▶ **Activity**: Take the lines below from the one with "При посещении Третьяковской" through the one with "그리고 우니!!!!! 우니" and print only them, exactly. Don't print the pictures.

▶ **Provided records**:
---

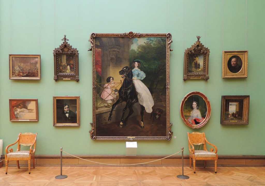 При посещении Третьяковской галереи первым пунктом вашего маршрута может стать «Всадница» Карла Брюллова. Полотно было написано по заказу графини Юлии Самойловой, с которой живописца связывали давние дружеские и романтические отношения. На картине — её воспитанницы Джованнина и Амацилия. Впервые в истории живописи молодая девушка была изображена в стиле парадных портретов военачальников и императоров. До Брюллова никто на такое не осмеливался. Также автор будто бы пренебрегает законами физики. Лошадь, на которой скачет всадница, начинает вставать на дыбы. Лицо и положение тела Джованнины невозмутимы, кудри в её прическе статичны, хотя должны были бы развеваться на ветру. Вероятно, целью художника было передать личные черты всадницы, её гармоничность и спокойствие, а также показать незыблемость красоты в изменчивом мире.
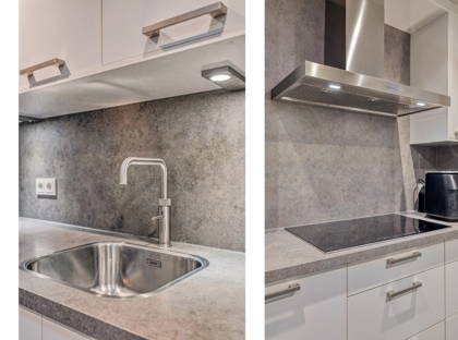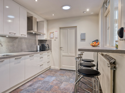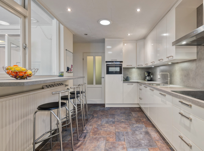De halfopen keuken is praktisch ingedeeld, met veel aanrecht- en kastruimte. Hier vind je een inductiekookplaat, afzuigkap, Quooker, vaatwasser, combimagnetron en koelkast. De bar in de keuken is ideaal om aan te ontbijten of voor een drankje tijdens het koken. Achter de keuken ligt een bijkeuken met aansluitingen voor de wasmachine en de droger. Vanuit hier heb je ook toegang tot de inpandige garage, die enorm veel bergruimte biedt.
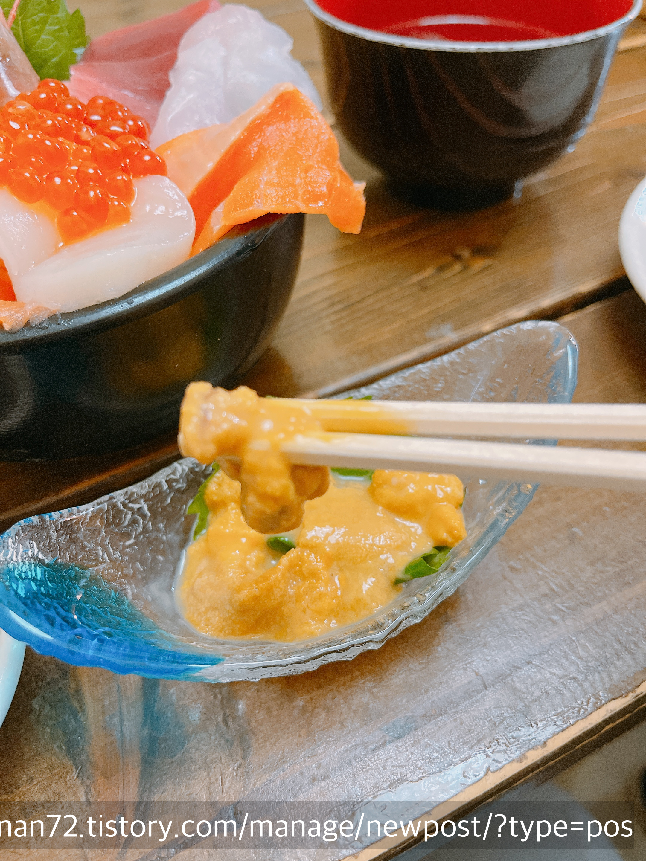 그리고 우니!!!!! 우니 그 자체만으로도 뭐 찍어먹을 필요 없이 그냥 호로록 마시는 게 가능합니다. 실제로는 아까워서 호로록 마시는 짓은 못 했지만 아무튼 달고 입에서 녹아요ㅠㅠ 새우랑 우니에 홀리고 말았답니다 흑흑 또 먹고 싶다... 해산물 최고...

---

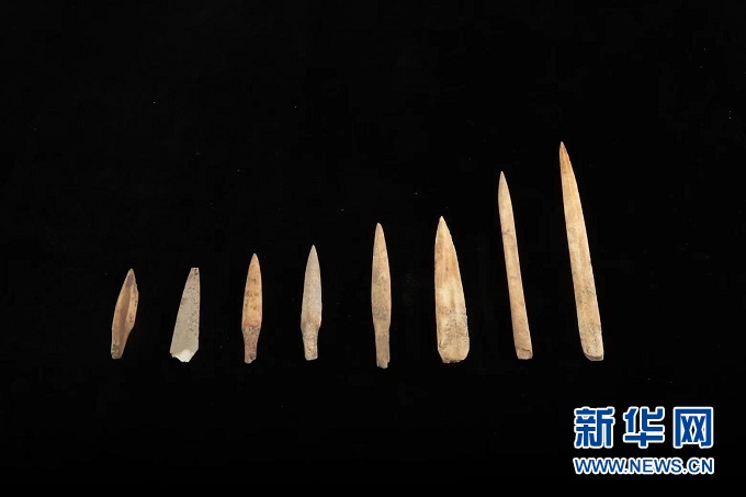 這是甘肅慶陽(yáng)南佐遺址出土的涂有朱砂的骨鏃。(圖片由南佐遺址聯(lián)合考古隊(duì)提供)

---

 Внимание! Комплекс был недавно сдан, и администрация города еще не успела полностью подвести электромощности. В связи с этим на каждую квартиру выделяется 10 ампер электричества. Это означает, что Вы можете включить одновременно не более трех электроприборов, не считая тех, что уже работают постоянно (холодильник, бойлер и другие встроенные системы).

---

▶ **Response**:
 При посещении Третьяковской галереи первым пунктом вашего маршрута может стать «Всадница» Карла Брюллова. Полотно было написано по заказу графини Юлии Самойловой, с которой живописца связывали давние дружеские и романтические отношения. На картине — её воспитанницы Джованнина и Амацилия. Впервые в истории живописи молодая девушка была изображена в стиле парадных портретов военачальников и императоров. До Брюллова никто на такое не осмеливался. Также автор будто бы пренебрегает законами физики. Лошадь, на которой скачет всадница, начинает вставать на дыбы. Лицо и положение тела Джованнины невозмутимы, кудри в её прическе статичны, хотя должны были бы развеваться на ветру. Вероятно, целью художника было передать личные черты всадницы, её гармоничность и спокойствие, а также показать незыблемость красоты в изменчивом мире.
De halfopen keuken is praktisch ingedeeld, met veel aanrecht- en kastruimte. Hier vind je een inductiekookplaat, afzuigkap, Quooker, vaatwasser, combimagnetron en koelkast. De bar in de keuken is ideaal om aan te ontbijten of voor een drankje tijdens het koken. Achter de keuken ligt een bijkeuken met aansluitingen voor de wasmachine en de droger. Vanuit hier heb je ook toegang tot de inpandige garage, die enorm veel bergruimte biedt.
 그리고 우니!!!!! 우니 그 자체만으로도 뭐 찍어먹을 필요 없이 그냥 호로록 마시는 게 가능합니다. 실제로는 아까워서 호로록 마시는 짓은 못 했지만 아무튼 달고 입에서 녹아요ㅠㅠ 새우랑 우니에 홀리고 말았답니다 흑흑 또 먹고 싶다... 해산물 최고...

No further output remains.